Bård Vegar Solhjell, Norway’s minister of the environment, has a tough time getting other politicians at home to go along with major climate cuts. Now he has to get politicians from all over the world to do the same. PHOTO: Miljøverndepartement/Erik Aasheim

“The negotiations will be a complete fiasco if we don’t agree on a new Kyoto 2 agreement,” Solhjell told news bureau NTB before he left for Doha. He was referring to the representatives of nearly 200 countries who have gathered in the wealthy host country of Qatar for this year’s UN Climate Change Conference.

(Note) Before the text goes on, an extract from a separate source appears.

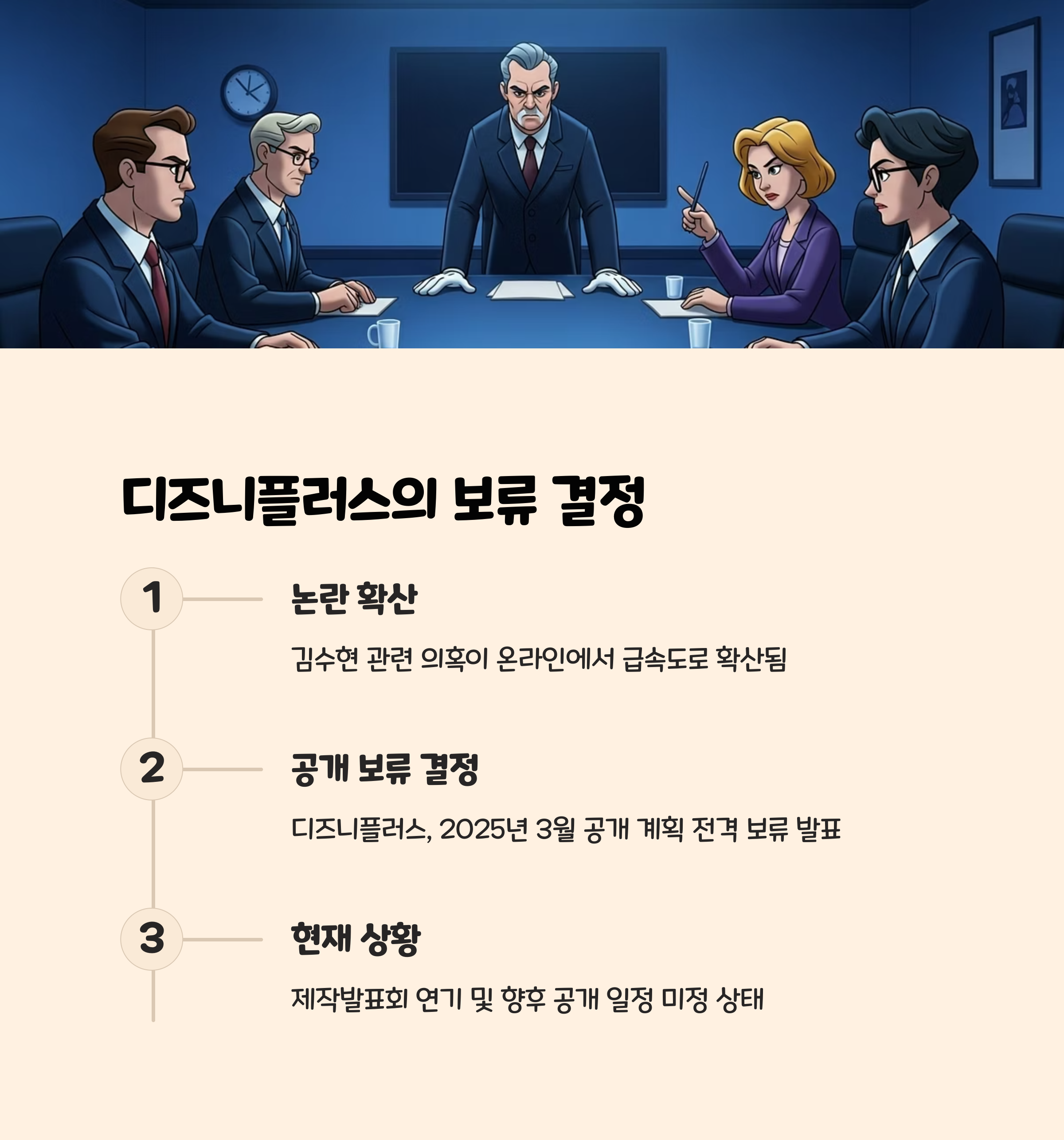 주연 배우 김수현이 과거 미성년자였던 고 김새론과 교제했다는 논란이 불거지면서, 디즈니플러스는 신중한 검토 끝에 넉오프의 공개를 잠정 보류하기로 결정했습니다. 이는 사회적 파장과 브랜드 신뢰도 하락을 우려한 조치입니다.

He told Norwegian Broadcasting (NRK) late Tuesday night that he nonetheless had “good faith” that he and Brazil’s incoming climate minister Luiz Alberto Figueiredo Machado would manage to hammer out a new agreement over the next few days. Solhjell called Machado “a very experienced climate negotiator and politician.”

The current Kyoto agreement expires at the end of this year and even though an extended one will likely only cover around 15 percent of the world’s emissions, an extension is critical in order to also push forward a new global pact. It would include China and India in addition to the world’s developed countries, and should be negotiated itself by 2015.

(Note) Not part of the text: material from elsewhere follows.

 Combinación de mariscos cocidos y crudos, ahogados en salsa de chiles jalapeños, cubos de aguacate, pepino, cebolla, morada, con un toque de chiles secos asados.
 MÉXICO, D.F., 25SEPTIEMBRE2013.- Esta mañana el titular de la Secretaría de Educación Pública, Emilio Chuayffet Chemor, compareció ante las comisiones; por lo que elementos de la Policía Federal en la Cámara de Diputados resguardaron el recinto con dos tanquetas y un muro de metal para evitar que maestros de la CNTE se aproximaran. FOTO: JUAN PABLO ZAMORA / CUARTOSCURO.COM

Many countries, from some former Soviet republics to other oil-producing and industrialized nations, are trying to avoid demands to seriously cut the emissions that are blamed for everything from the recent terrible storms around the world to melting glaciers and rising sea levels. Political debate has been heated in Norway as well, where emissions are high on a per capita basis because of the country’s oil industry and its small population. Solhjell’s Socialist Left party (SV) has been fighting to make tougher cuts at home instead of mostly paying other countries to make cuts, but the Norwegian government’s dominant Labour Party along with the non-socialist parties don’t want to hurt domestic industry or threaten jobs.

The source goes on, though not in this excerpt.